The following is a summary of “Placental delayed villous maturation is associated with fetal congenital heart disease,” published in the FEBRUARY 2023 issue of Obstetrics and Gynecology by O’Hare, et al.
The placenta is a vital organ for fetal development and health, but in pregnancies with congenital heart disease, there are often abnormalities in the development and function of the placenta. However, previous research needed standardized diagnostic criteria and control populations, which limited its generalizability and ability to identify specific placental abnormalities associated with congenital heart disease. For a study, researchers aimed to address these limitations by using the Amsterdam criteria to compare placental abnormalities in pregnancies with fetal congenital heart disease to those without and to investigate any differences in placental abnormalities based on cardiac physiology.
From January 2013 to June 2019, a retrospective cohort study was carried out at a single center. The study included infants diagnosed prenatally with moderate-severe congenital heart disease delivered at ≥37 weeks of gestation. A control group born at ≥37 weeks of gestation without fetal congenital heart disease or significant pregnancy complications was also included and matched with the congenital heart disease group based on maternal race and ethnicity and infant sex. The Amsterdam criteria were applied to categorize placental pathology findings into delayed villous maturation, maternal vascular malperfusion, fetal vascular malperfusion, and inflammatory lesions. The study compared the frequency of placental abnormalities between groups and used logistic regression to examine the association of clinical and sociodemographic factors with delayed villous maturation, maternal vascular malperfusion, and fetal vascular malperfusion.

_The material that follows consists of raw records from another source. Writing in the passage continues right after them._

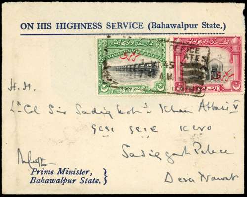 Officials. 1945 OHSS envelope from the Prime Minister's Office (signed by Crofton, and addressed in his hand), with ½a and 1a Officials, addressed to the Amir at Sadiqgarh Palace. Boxed Bagdad-ul-Jadid cancel on 1 JAN 45. Crest cut from flap, still a neat envelope. SG O1, 2
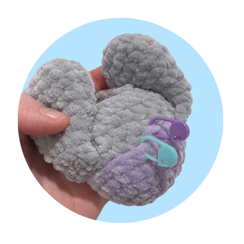 Rd 7 (in BLO): sc 3, sc 4 through first ear and next 4 sts, sc 10, sc 4 through second ear and next 4 sts, sc 3. (24)
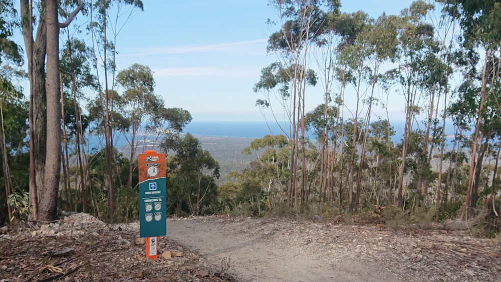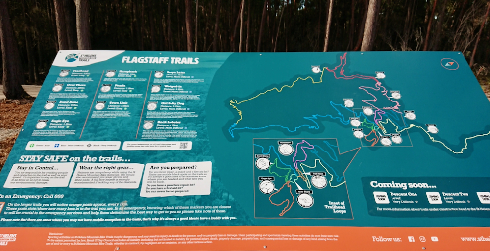 the st helens trail network is actually located to the south of town (whereas swimcart beach where the epic bay of fires trail ends is about 20 min north of st helens). most trails begin and end right here at the flagstaff trail head.
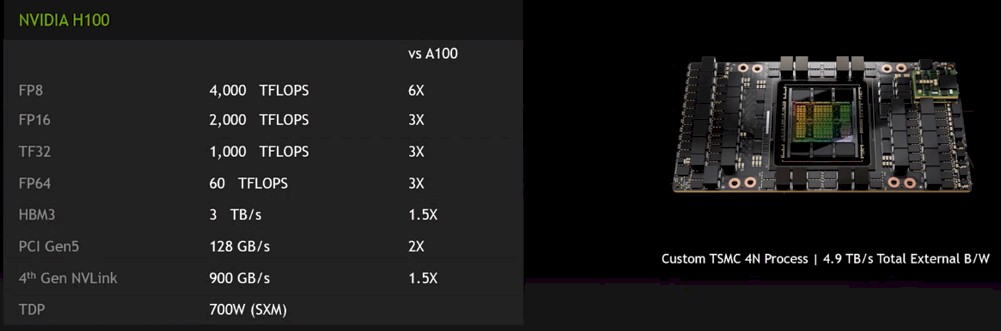 The combination of this Transformer Engine inside the Tensor Cores as well as the use of FP8 data formats (in conjunction with FP16 and TF32 formats still needed for AI training, as well as the occasional FP64 for that matter), the performance of these transformer models has increased by a factor of 6X over what the Ampere A100 can do.
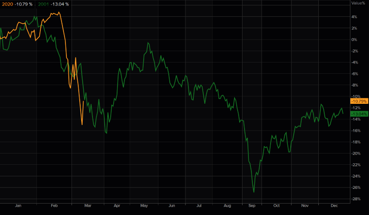What if this is just a replay of 2001? Lot of guys pointing out the great 1929 crash, but few of "us" were trading back then. To us this "feels" a lot like 2001. $SPX comparison 2020 vs 2001 in percent. #stockmarketcrashpic.twitter.com/b177pXcjjy
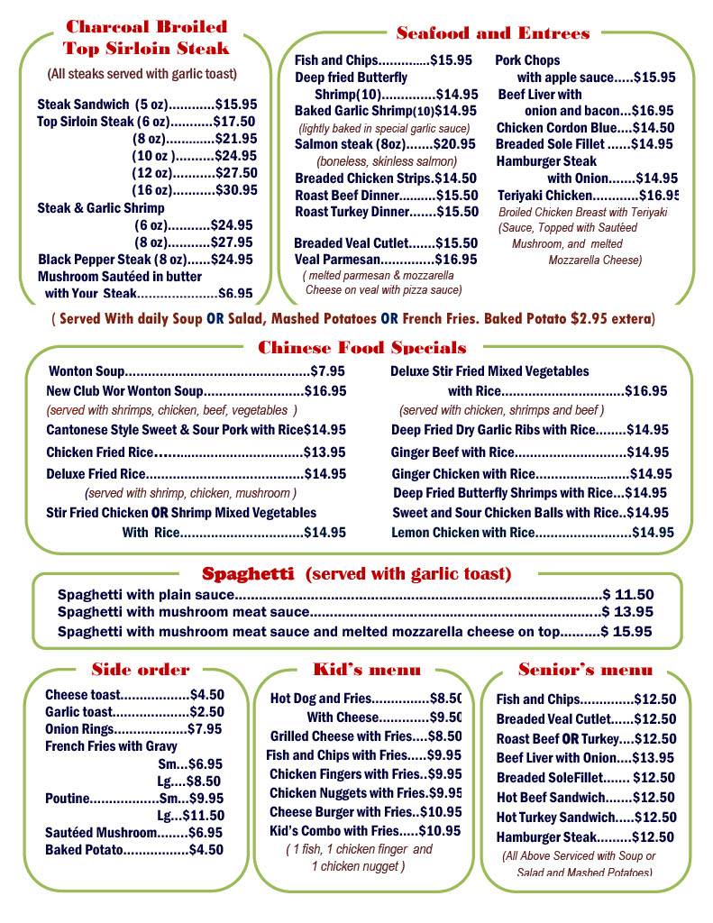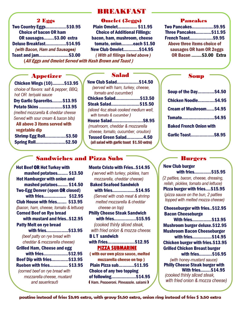 Start your morning with hearty breakfast options like the New Club Omelet, or enjoy simple, satisfying sandwiches and hearty soups that feel just right for a cozy midday break. For lunch and dinner, the menu features family-friendly favorites including fresh salads, comforting beef dip with fries, and a range of sandwiches, subs, and burgers crafted to please all ages.

About 194 pregnancies with fetal congenital heart disease and 105 controls were included, and 83% of those with congenital heart disease and 82% of those in the control group were non-Hispanic White. Pregnancies with fetal congenital heart disease showed increased rates of delayed villous maturation (6% vs. 19%; P<.001) and maternal vascular malperfusion (19% vs 34%; P=.007) but not fetal vascular malperfusion (6% vs 10%; P=.23) compared to controls. When compared to controls, infants with congenital heart disease and a 2-ventricle architecture had the highest risks of delayed villous maturation (odds ratio, 5.5; 95% CI, 2.2-15.7; P<.01).
Infants with 2-ventricle anatomy and newborns with single-ventricle physiology with pulmonic blockage had maternal vascular malperfusion that was 2.2 times greater (P=.02) and 2.9 times higher (P=.02), respectively. In the congenital heart disease group, oligohydramnios was linked to maternal vascular malperfusion, while polyhydramnios was linked to delayed villous maturation, higher maternal body mass index, bigger newborn birth head circumference, and infant breathing support in the delivery room. With regard to infant birth head circumference and infant respiratory support in the delivery room, associations of delayed villous maturation persisted in multivariable models that adjusted for cardiac diagnosis (odds ratio, 1.2; 95% CI, 1.0-1.5; P=.02; and odds ratio, 3.0; 1.3-6.5; P=.007).
Maternal variables may be related to placental maldevelopment in pregnancies with fetal congenital heart disease since they showed greater rates of delayed villous maturation and maternal vascular malperfusion than controls. However, further research was required to ascertain how these anomalies related to the outcomes of postnatal infants.